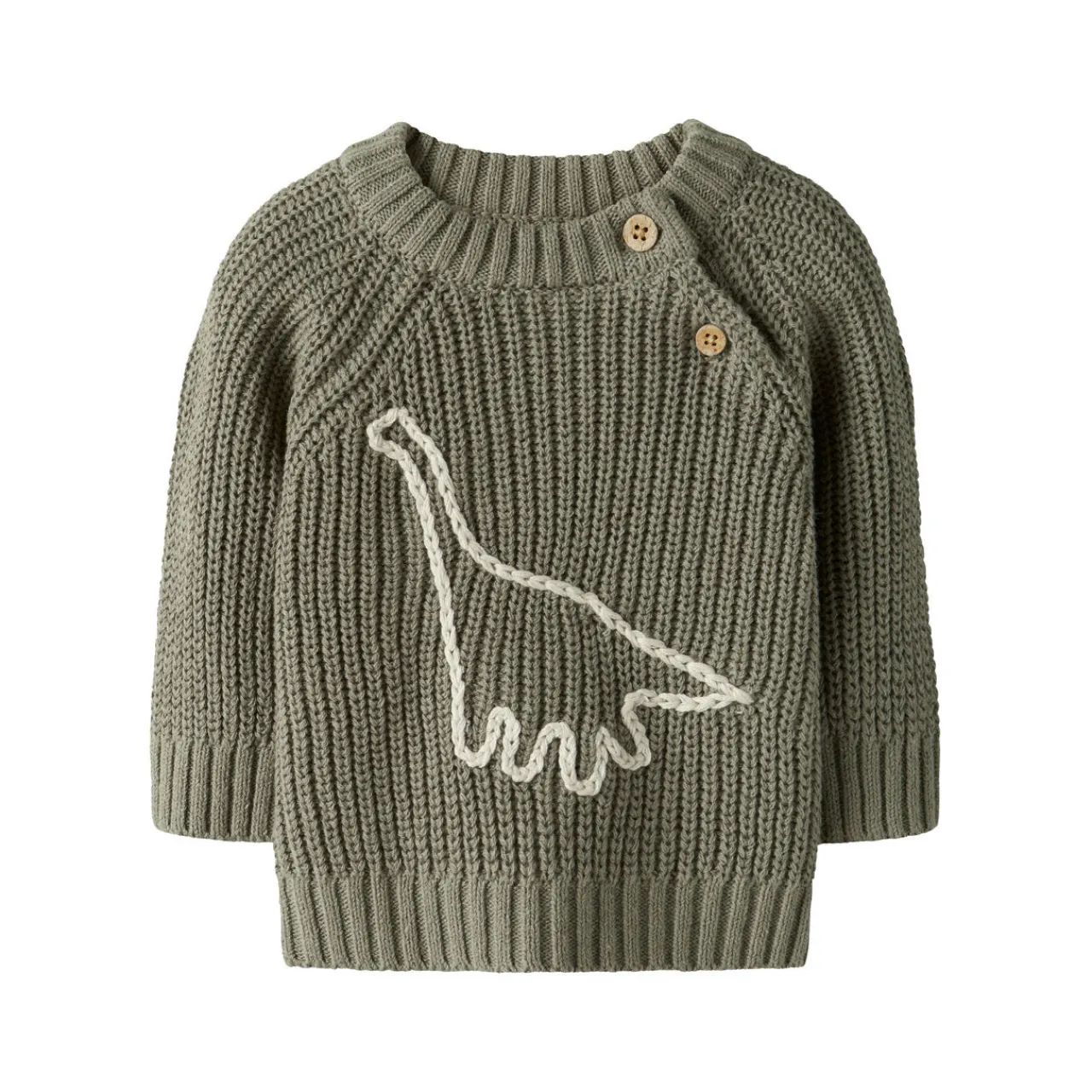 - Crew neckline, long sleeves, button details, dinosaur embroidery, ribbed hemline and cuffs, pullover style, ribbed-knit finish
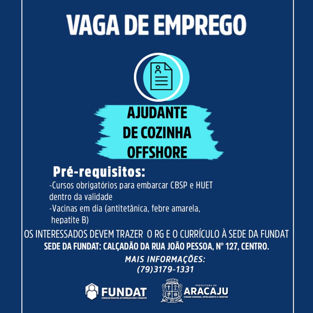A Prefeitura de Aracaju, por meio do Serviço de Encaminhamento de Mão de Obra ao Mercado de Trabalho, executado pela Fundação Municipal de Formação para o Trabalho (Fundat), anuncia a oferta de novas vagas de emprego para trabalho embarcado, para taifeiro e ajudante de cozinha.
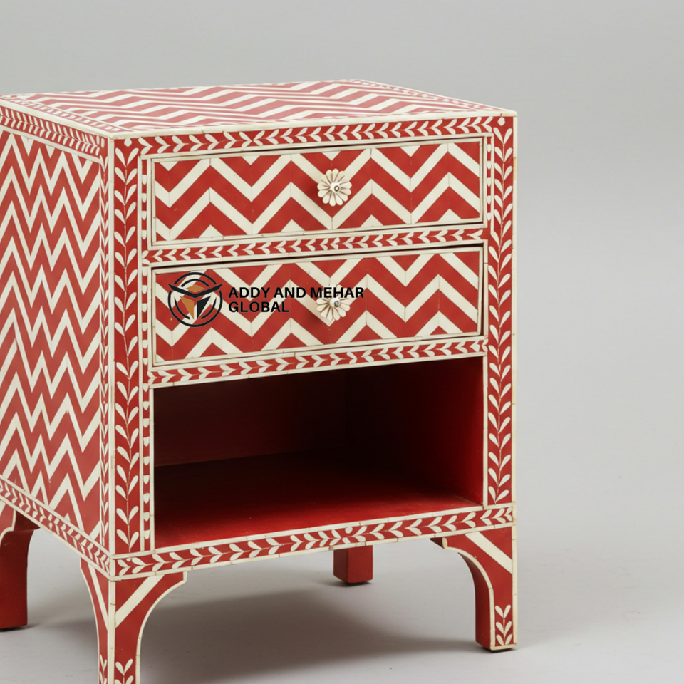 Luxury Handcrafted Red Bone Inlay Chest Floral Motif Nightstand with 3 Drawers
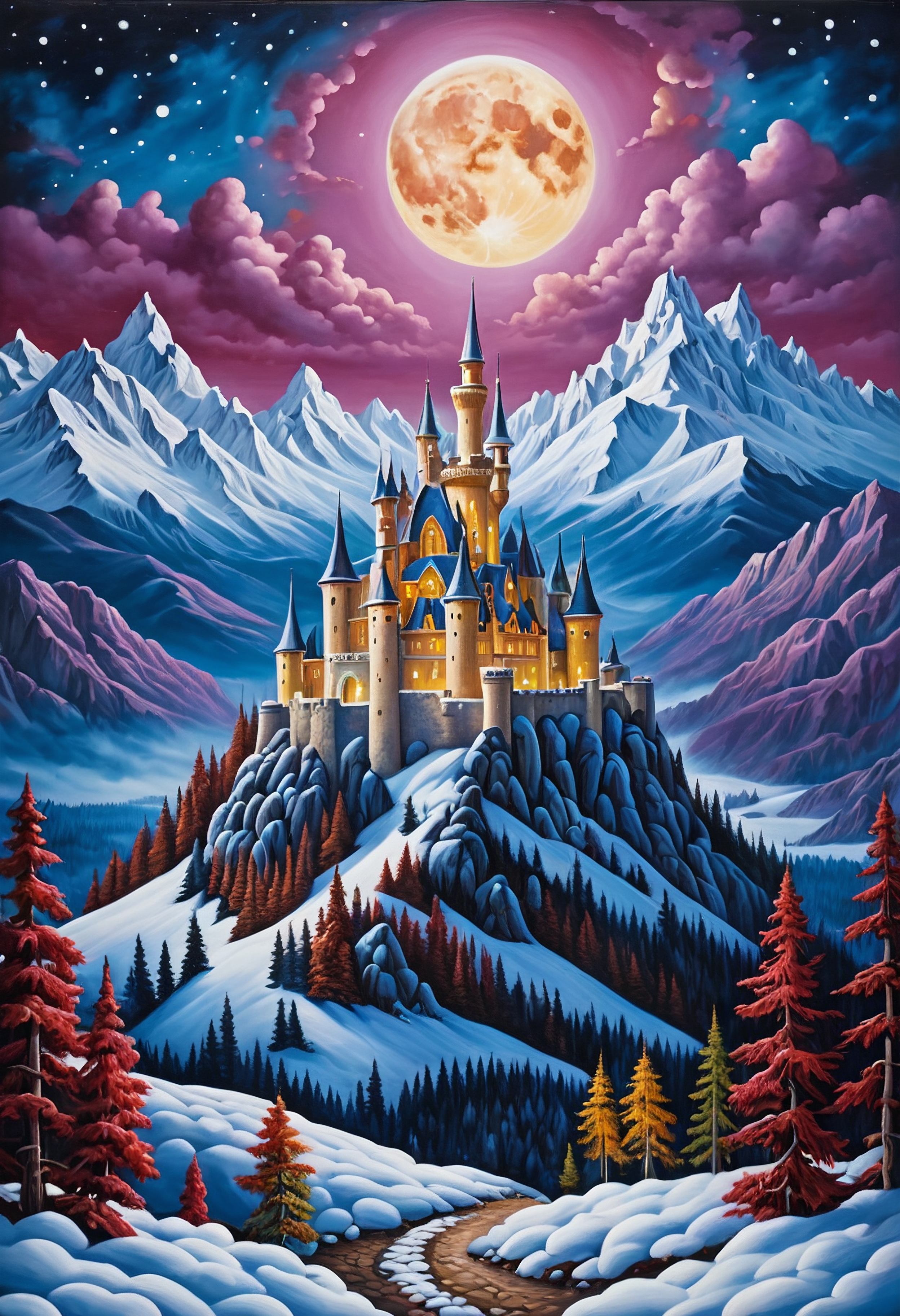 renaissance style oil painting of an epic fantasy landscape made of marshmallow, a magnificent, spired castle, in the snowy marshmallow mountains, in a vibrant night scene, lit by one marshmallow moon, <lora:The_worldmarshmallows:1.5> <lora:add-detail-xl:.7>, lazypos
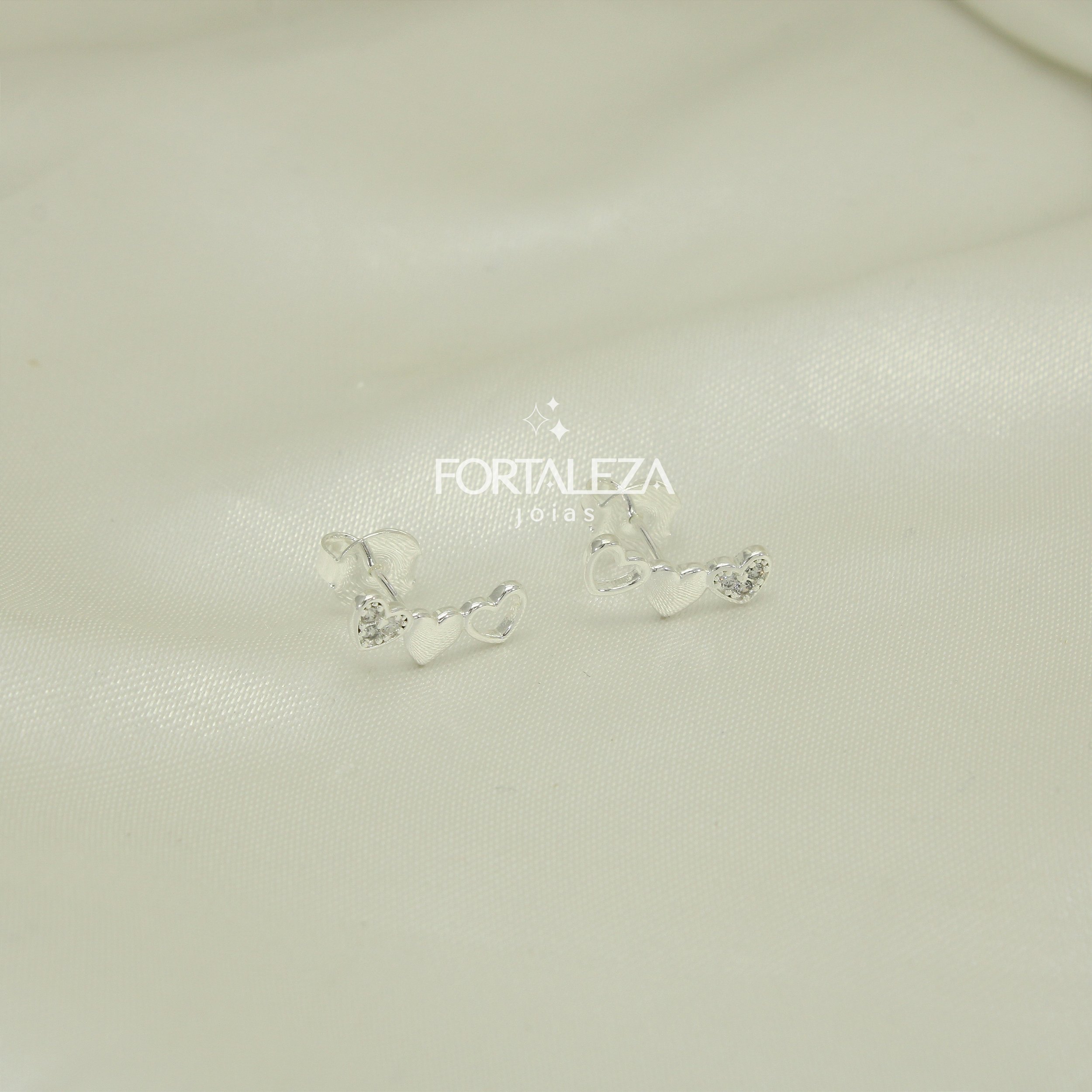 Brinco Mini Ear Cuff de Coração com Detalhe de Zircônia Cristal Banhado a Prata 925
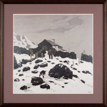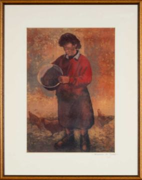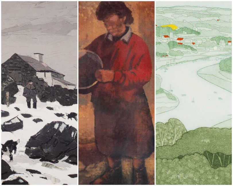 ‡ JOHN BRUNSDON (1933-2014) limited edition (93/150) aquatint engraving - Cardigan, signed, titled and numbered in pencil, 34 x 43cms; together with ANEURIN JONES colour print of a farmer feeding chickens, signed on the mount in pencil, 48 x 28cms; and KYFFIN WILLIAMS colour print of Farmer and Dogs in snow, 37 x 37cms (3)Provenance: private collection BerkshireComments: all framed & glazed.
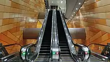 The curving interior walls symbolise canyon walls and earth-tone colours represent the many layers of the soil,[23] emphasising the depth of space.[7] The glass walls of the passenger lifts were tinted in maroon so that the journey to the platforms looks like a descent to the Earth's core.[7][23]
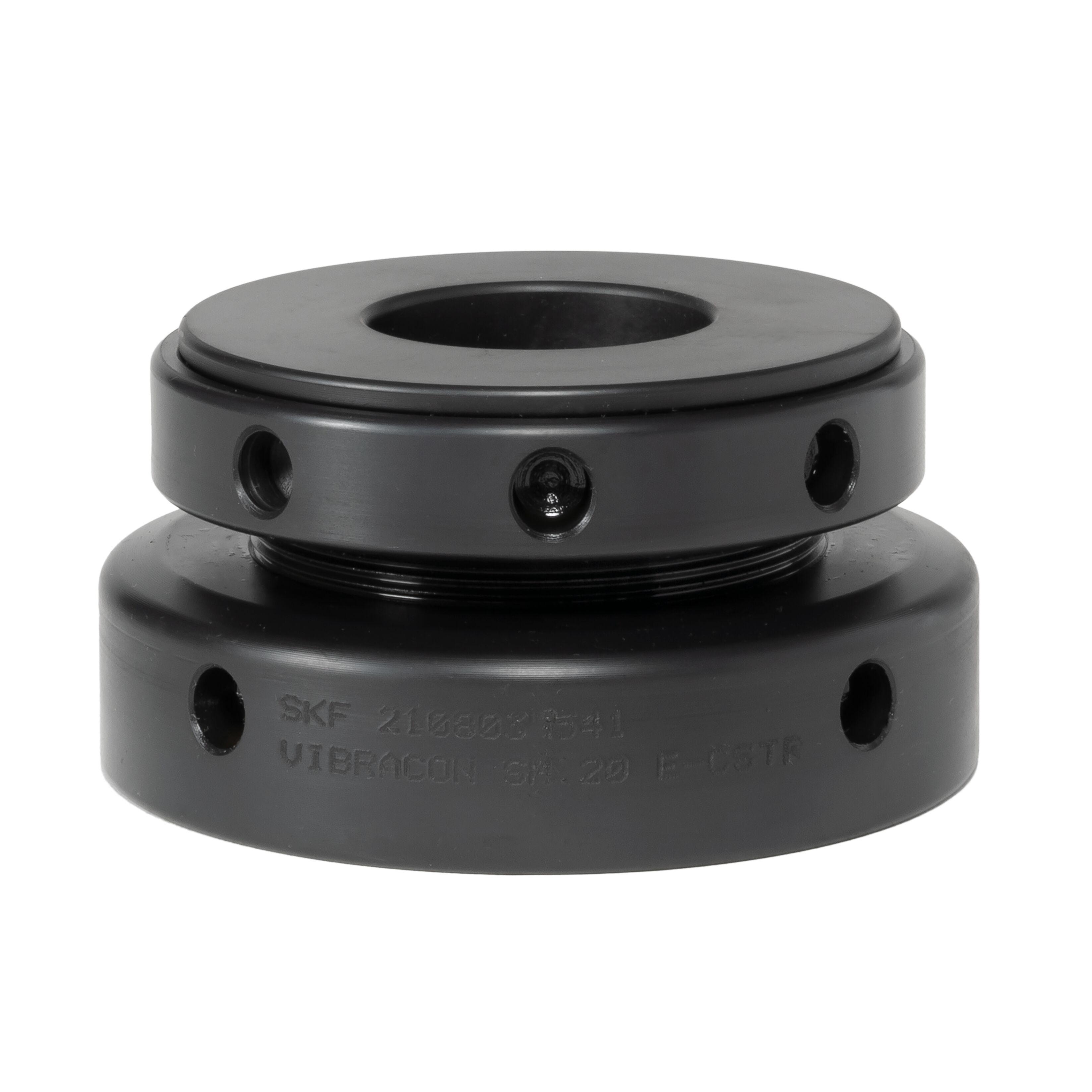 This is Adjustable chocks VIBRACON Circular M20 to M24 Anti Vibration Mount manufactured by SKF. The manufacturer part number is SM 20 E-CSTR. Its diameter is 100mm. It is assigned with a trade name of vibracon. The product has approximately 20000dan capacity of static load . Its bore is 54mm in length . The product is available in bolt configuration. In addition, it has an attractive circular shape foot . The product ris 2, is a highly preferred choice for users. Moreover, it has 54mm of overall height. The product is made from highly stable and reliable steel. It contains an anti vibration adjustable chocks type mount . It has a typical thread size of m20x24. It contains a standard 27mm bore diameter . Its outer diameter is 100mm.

====================

WORK TO BE COMPLETED: Both boundary lines included, write out word for word only the lines above from the one containing "Brinco Mini Ear" to the one containing "The curving interior", leaving out any pictures.

OUTPUT FOR THIS EXERCISE:
 Brinco Mini Ear Cuff de Coração com Detalhe de Zircônia Cristal Banhado a Prata 925
 ‡ JOHN BRUNSDON (1933-2014) limited edition (93/150) aquatint engraving - Cardigan, signed, titled and numbered in pencil, 34 x 43cms; together with ANEURIN JONES colour print of a farmer feeding chickens, signed on the mount in pencil, 48 x 28cms; and KYFFIN WILLIAMS colour print of Farmer and Dogs in snow, 37 x 37cms (3)Provenance: private collection BerkshireComments: all framed & glazed.
 The curving interior walls symbolise canyon walls and earth-tone colours represent the many layers of the soil,[23] emphasising the depth of space.[7] The glass walls of the passenger lifts were tinted in maroon so that the journey to the platforms looks like a descent to the Earth's core.[7][23]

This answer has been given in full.